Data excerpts
* * * * * * *
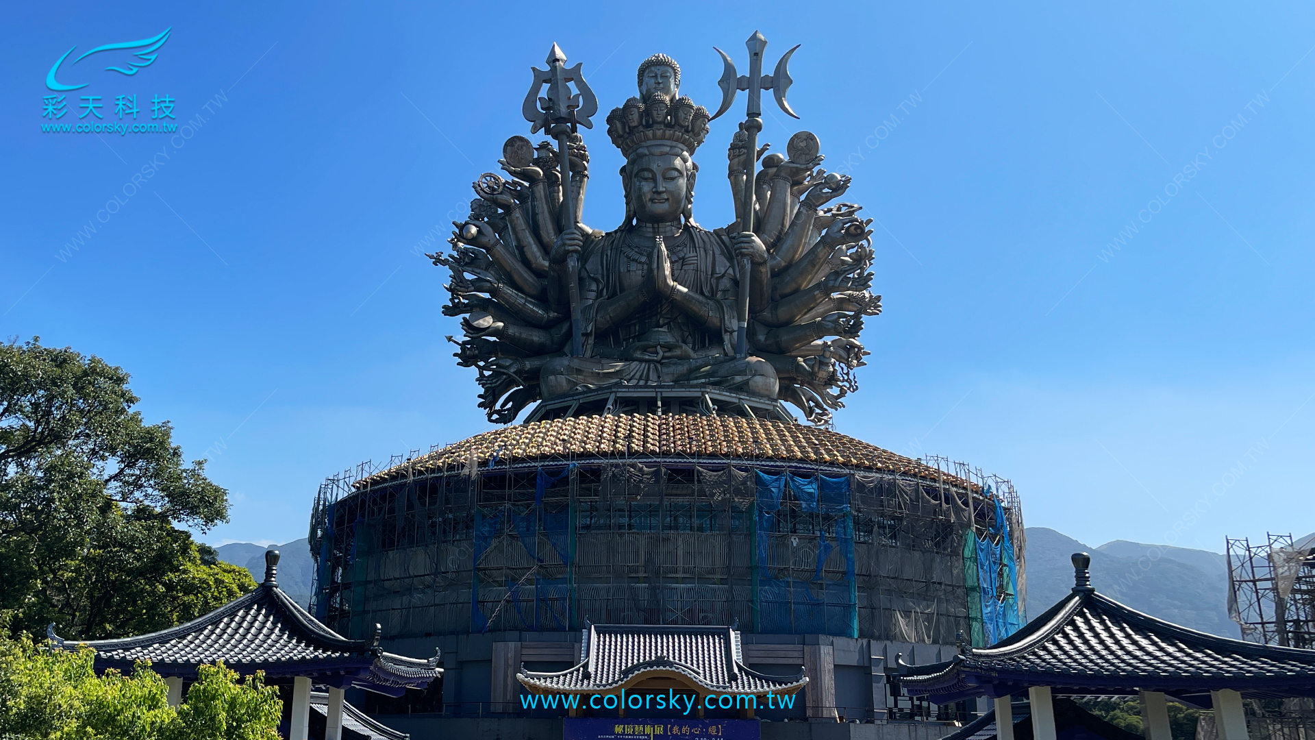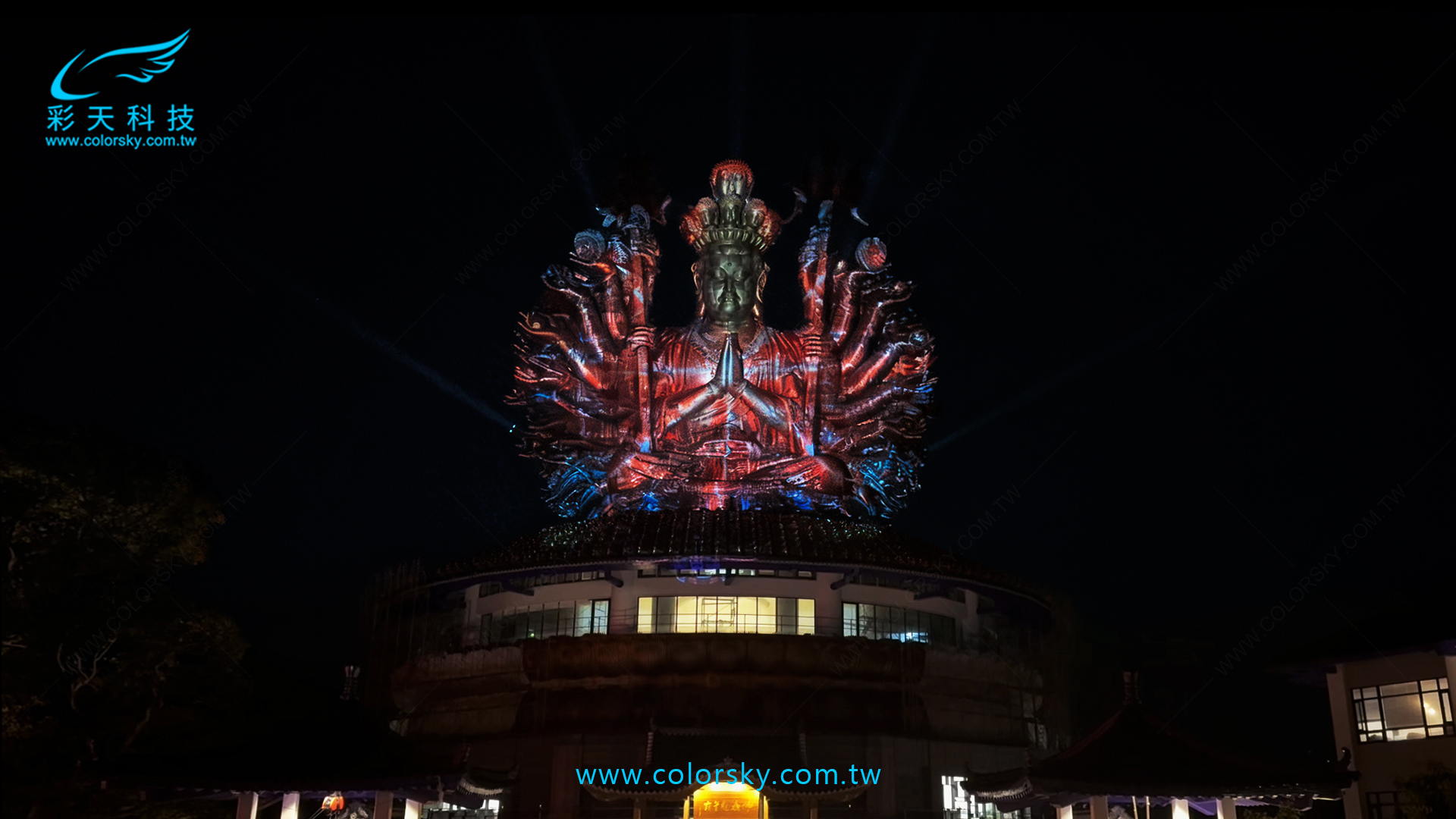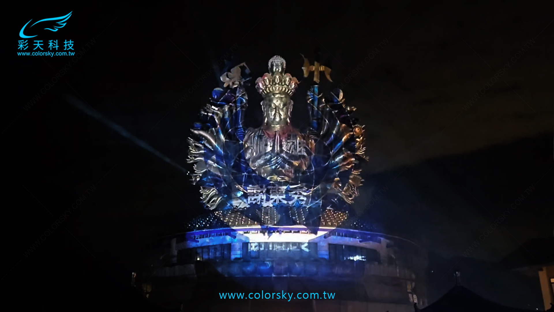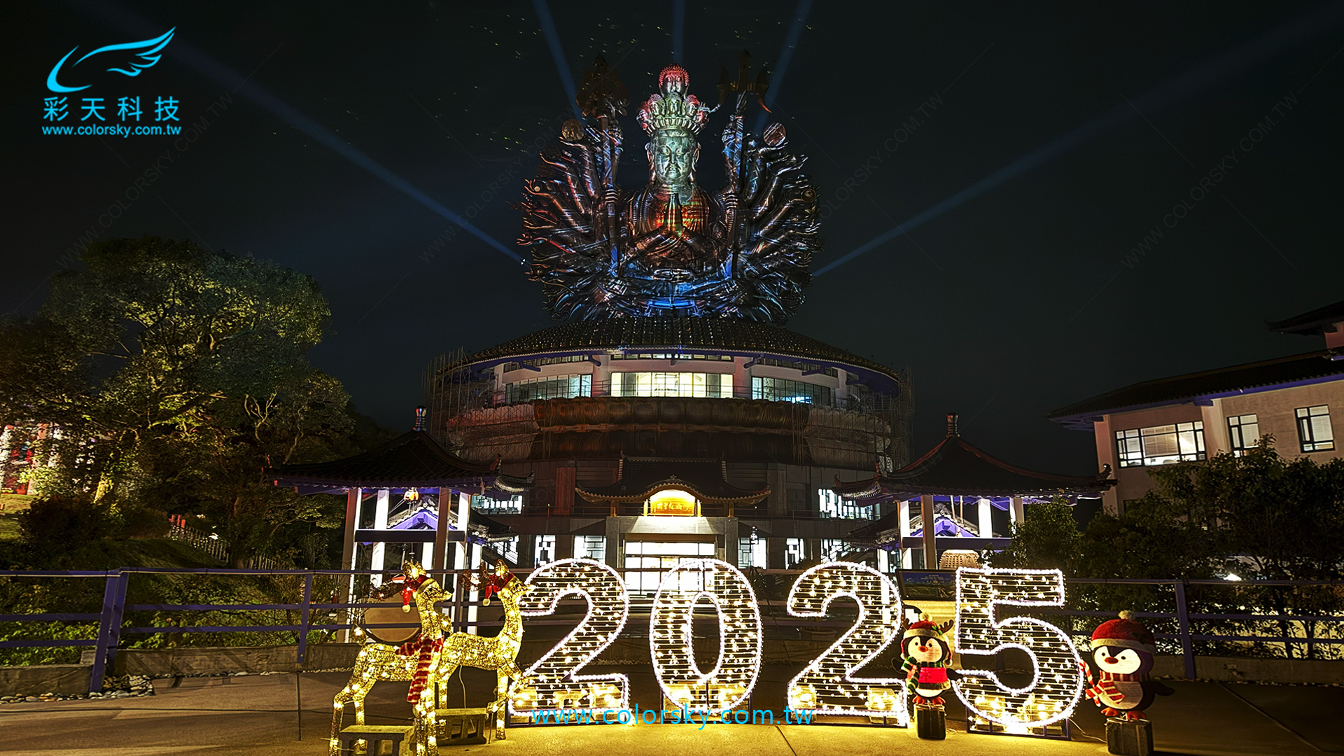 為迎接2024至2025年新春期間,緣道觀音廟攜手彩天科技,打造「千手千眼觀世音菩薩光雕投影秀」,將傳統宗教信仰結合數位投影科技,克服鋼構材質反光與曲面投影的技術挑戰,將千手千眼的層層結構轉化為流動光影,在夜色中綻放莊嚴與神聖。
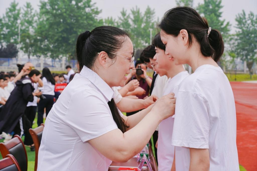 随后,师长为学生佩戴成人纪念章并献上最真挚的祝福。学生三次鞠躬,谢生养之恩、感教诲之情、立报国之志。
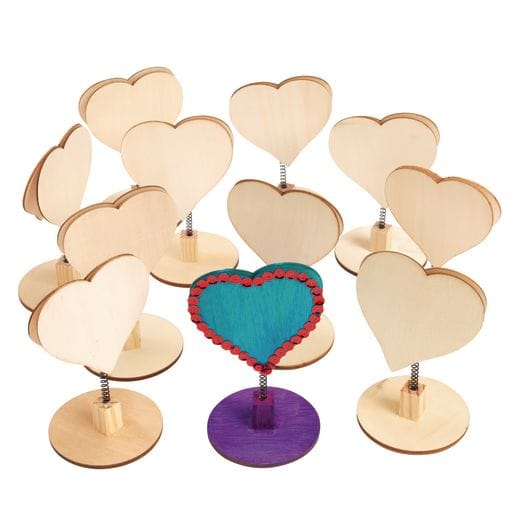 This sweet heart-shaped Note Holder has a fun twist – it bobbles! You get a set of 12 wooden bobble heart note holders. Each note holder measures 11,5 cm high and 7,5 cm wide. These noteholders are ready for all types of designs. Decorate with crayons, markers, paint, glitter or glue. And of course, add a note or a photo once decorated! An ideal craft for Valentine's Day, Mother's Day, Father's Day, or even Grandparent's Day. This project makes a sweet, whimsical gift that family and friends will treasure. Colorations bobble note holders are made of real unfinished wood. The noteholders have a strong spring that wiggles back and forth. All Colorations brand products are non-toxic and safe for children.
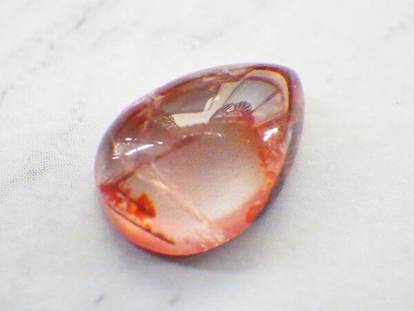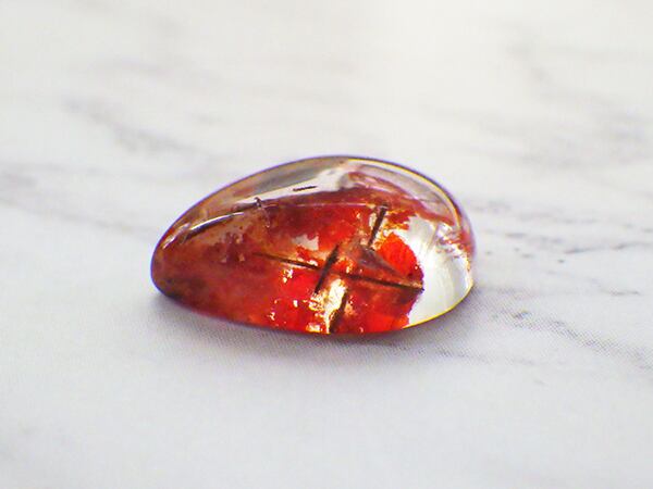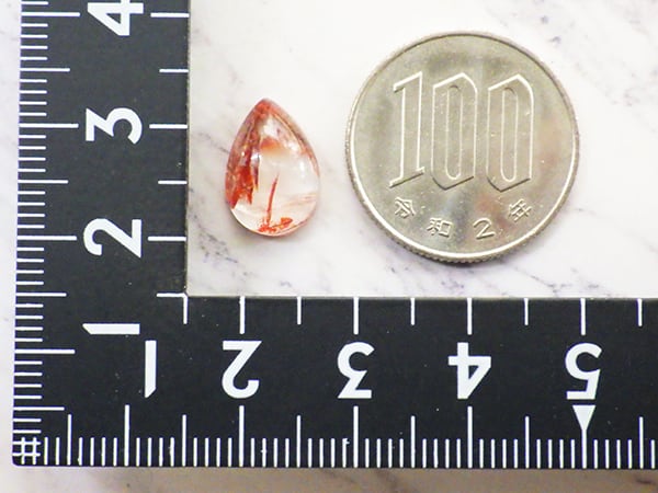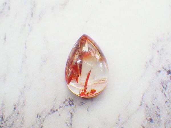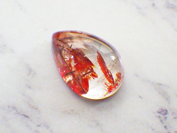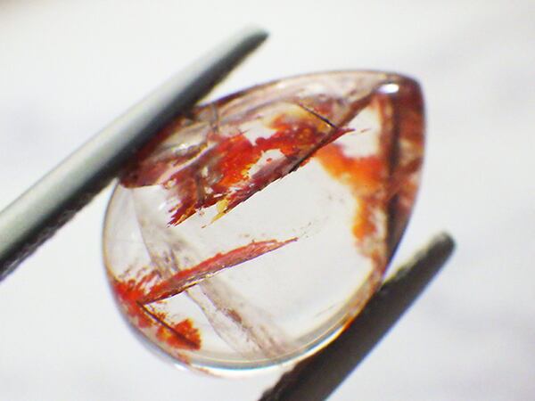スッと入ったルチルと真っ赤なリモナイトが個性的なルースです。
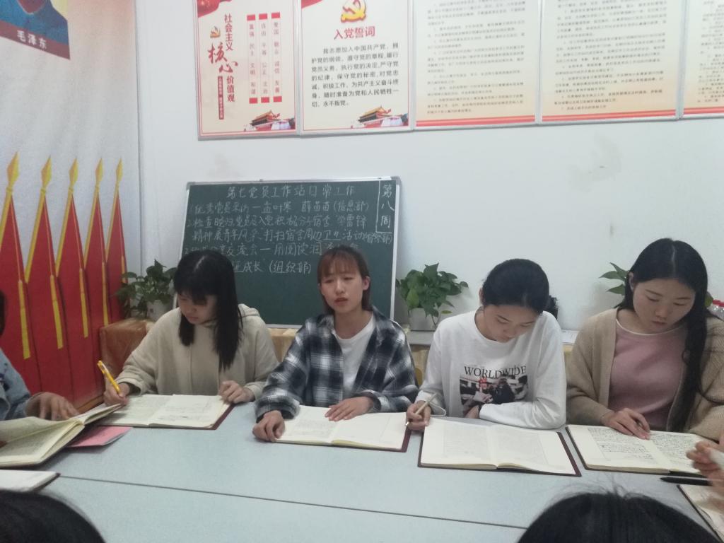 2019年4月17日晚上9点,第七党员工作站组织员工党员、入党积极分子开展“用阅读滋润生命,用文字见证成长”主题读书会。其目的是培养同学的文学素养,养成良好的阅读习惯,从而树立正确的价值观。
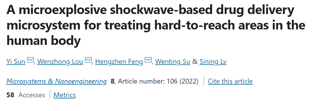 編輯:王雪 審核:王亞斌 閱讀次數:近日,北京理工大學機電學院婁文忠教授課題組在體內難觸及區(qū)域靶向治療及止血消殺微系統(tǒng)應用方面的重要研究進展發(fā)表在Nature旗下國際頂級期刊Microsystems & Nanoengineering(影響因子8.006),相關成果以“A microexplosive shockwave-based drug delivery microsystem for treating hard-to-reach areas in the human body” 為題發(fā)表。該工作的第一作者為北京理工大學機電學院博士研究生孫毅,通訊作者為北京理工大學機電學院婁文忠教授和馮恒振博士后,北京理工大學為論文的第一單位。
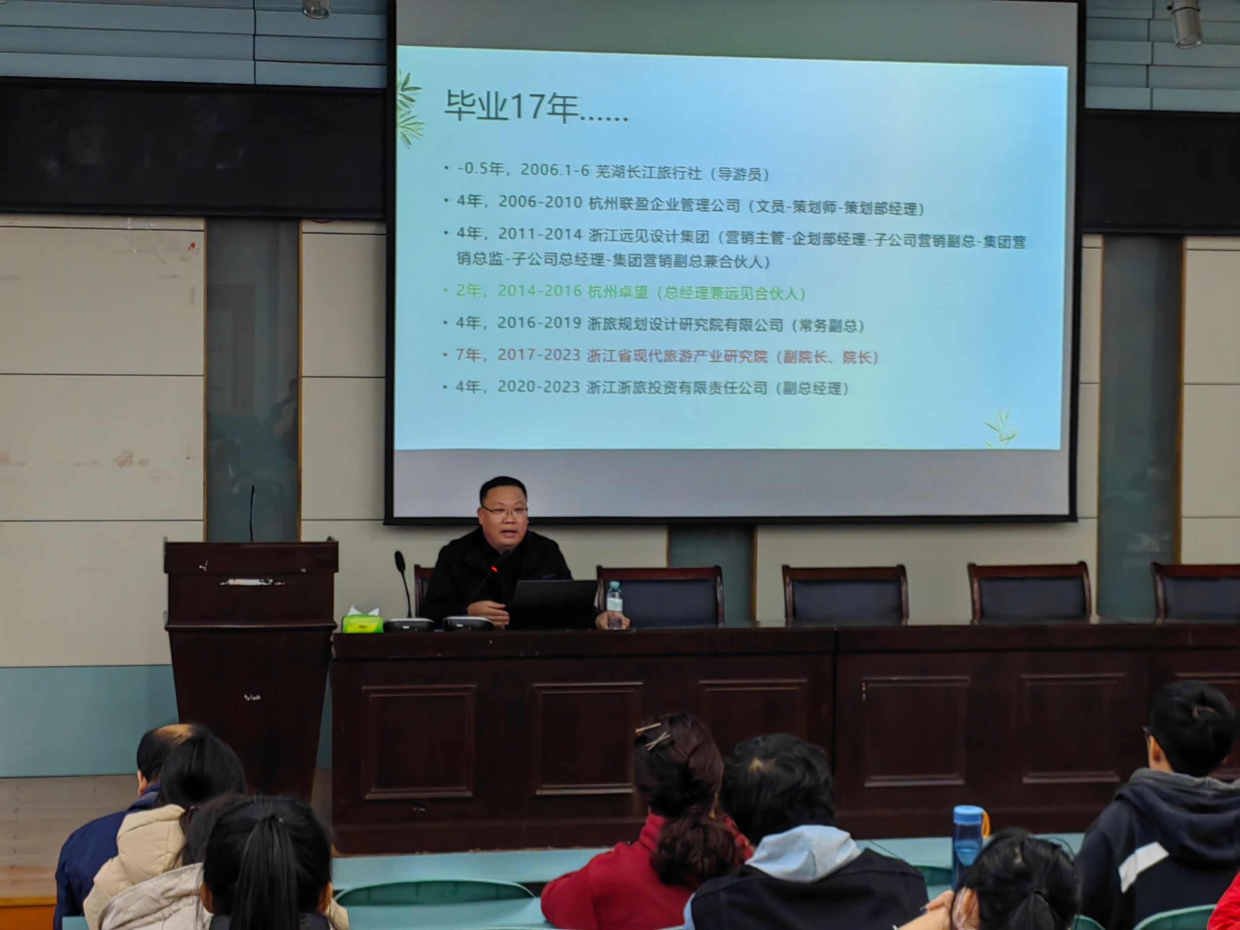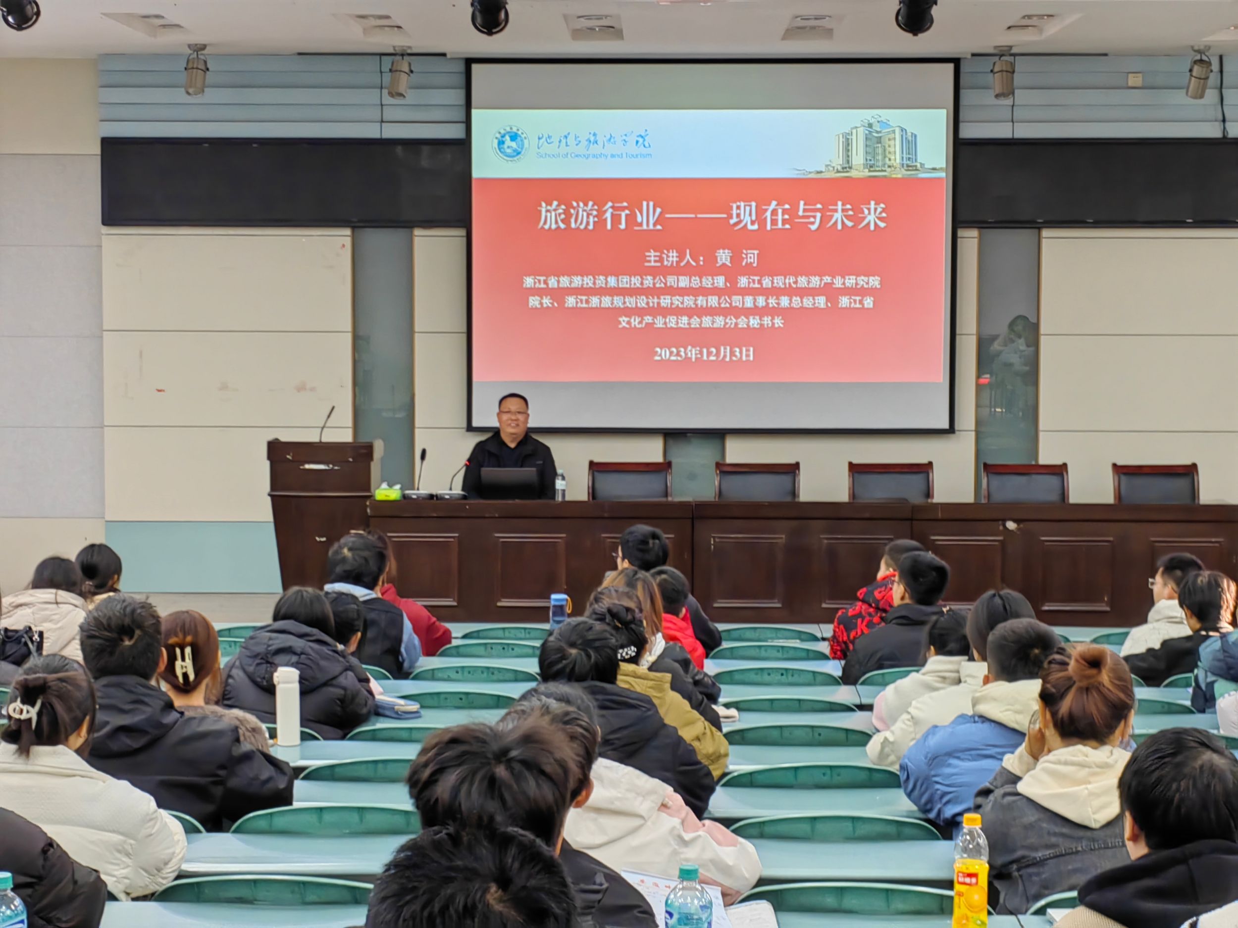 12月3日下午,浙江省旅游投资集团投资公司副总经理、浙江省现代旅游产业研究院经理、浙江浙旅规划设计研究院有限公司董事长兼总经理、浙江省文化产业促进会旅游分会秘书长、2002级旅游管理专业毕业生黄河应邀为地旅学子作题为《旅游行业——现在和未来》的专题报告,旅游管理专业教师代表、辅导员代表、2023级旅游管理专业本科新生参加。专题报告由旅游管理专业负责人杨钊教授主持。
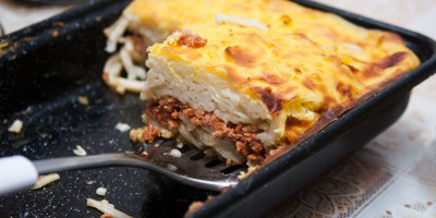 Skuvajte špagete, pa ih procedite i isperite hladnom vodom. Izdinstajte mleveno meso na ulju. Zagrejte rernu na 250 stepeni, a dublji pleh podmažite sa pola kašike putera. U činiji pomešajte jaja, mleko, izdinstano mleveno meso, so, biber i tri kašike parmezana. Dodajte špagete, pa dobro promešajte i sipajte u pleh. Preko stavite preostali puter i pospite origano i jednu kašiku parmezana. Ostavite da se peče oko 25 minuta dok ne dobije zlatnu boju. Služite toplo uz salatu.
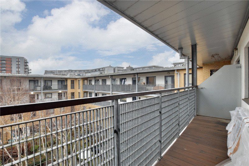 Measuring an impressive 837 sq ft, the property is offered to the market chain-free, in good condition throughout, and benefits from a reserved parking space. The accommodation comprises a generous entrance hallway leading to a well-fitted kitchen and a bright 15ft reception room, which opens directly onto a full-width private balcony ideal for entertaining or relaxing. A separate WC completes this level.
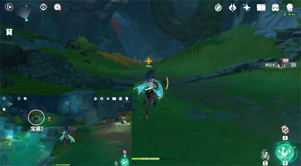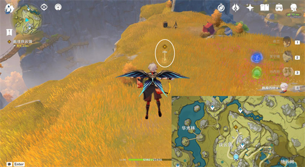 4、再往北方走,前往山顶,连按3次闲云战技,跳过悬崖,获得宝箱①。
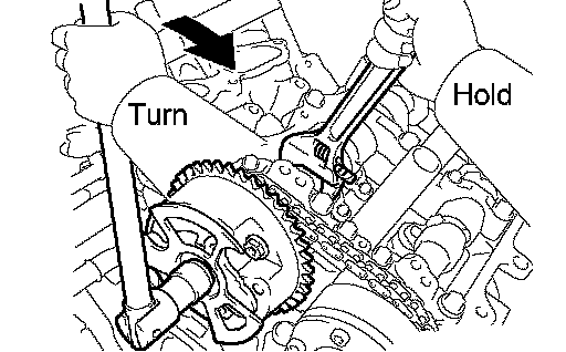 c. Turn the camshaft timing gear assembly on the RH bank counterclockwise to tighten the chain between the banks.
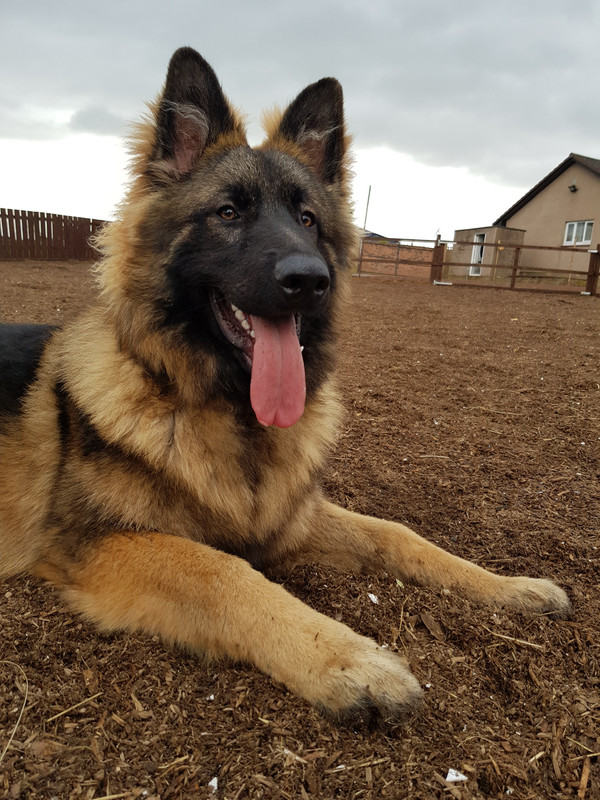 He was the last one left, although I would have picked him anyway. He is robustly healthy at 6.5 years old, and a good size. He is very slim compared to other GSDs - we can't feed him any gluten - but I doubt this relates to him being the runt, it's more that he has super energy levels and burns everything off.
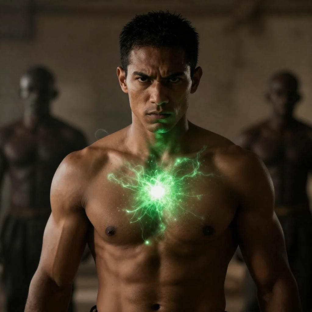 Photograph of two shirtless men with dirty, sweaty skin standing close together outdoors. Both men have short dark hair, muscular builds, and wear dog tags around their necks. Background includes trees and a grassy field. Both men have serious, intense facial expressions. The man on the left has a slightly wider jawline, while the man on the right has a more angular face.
* * * * * * *
Repeat only the stretch of data above that runs from the line with "スッと入ったルチルと真っ赤なリモナイトが個性的なルースです。" to the line with "2019年4月17日晚上9点". Keep both end lines; exclude pictures.

• [Exercise solution]
スッと入ったルチルと真っ赤なリモナイトが個性的なルースです。
 2019年4月17日晚上9点,第七党员工作站组织员工党员、入党积极分子开展“用阅读滋润生命,用文字见证成长”主题读书会。其目的是培养同学的文学素养,养成良好的阅读习惯,从而树立正确的价值观。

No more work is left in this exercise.